Here lies my beef. The old tokens no longer work and I now find I must have €20 or more in useless tokens I carry around in the hopes they just might work again in another machine.
I can't be the only one who is now out of pocket with these tokens and I assume there must be many thousands out there unable to be used.

Ray.


----------



## barryd (May 9, 2008)

Im confused. Why dont you drive to the car wash, buy token, insert token, wash car, drive away?

Why are you collecting them? I appreciate this is France so there is bound to be a totally illogical reason that somehow to the French makes sense.


----------



## eurajohn (May 9, 2005)

No tokens for my bucket and sponge. 0


----------



## raynipper (Aug 4, 2008)

barryd said:


> Im confused. Why dont you drive to the car wash, buy token, insert token, wash car, drive away?
> Why are you collecting them? I appreciate this is France so there is bound to be a totally illogical reason that somehow to the French makes sense.

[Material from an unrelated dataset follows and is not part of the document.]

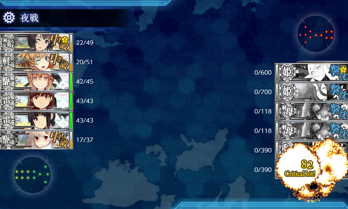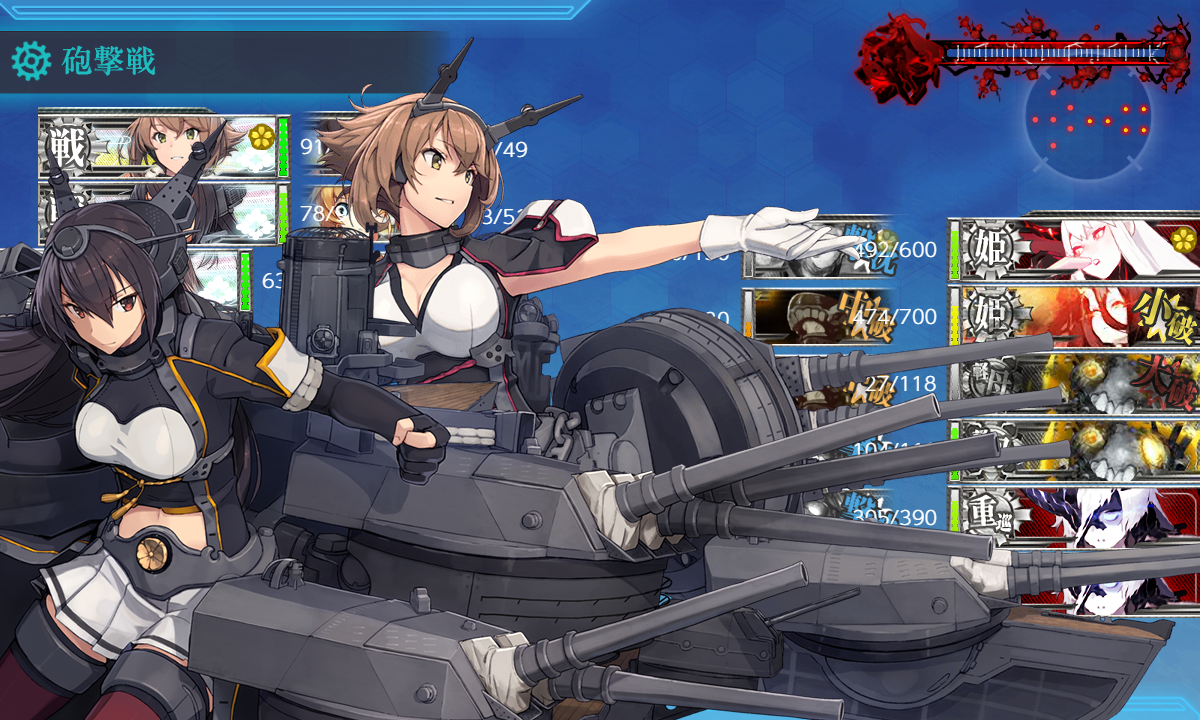 特殊砲撃が発動して姫級1~2隻↑を落とすことが出来ればその後の砲撃戦でも余裕が生まれるのであとは夜戦で撃破を狙う形。ただ第二艦隊がそこそこ残りやすいのでそこをどうやって落とすのかをしっかり考えた方が良いです。

Minimum purchase of 5 tokens is €10 or 11 tokens for €20. Wash is only 2 tokens. 
Yes John, I knew there would be some who don't subscribe to auto washes for one reason or another. But they 'work' for me being sooooooooooooo busy and not having the time.

Ray.


----------



## EJB (Aug 25, 2007)

I have the same problem with aires….buy extra jetons 'for next time' and the next aire is always different.
It's that French thing:surprise::smile2:


----------



## erneboy (Feb 8, 2007)

Cor Ray, from the title I thought you were giving us a tip on a new way to make a few bob.


----------



## raynipper (Aug 4, 2008)

Weeeelll now you mention it Alan. The new Turkish one Lira coin (value very little) is very close to the €2 piece. Anyone just back from Turkey might get a result there. Or you could just chuck it in the collection plate next time your in church.

Ray.


----------



## aldra (Jul 2, 2009)

Well there you go

The migrant cheap labour clean ours for much less

So, should we use them or Not?

Are we exploiting cheap labour 

Or supporting the economy 

Meanwhile our car remains unclean 

Sandra


----------



## raynipper (Aug 4, 2008)

I doubt the migrant car washes in UK do it for less than €4 Sandra. They probably do a better job though.

Ray.


----------



## patp (Apr 30, 2007)

One of the garage chains started a similar thing over here a while back. By several tokens for a bargain price. Being brought up by my "frugal" dad, I made sure to use them all.


----------



## Pudsey_Bear (Sep 25, 2008)

why wash it, a coating of dirt lets it glide through the air better, like a golf ball.


----------



## aldra (Jul 2, 2009)

raynipper said:


> I doubt the migrant car washes in UK do it for less than €4 Sandra. They probably do a better job though.
> 
> Ray.


Oh they do Ray

£ 3 a clean , up north you understand :wink2:

We occasionally pay £30

For that it's washed and polished, steam cleaned and polished inside

It's an estate car

A brilliant job

Sandra


----------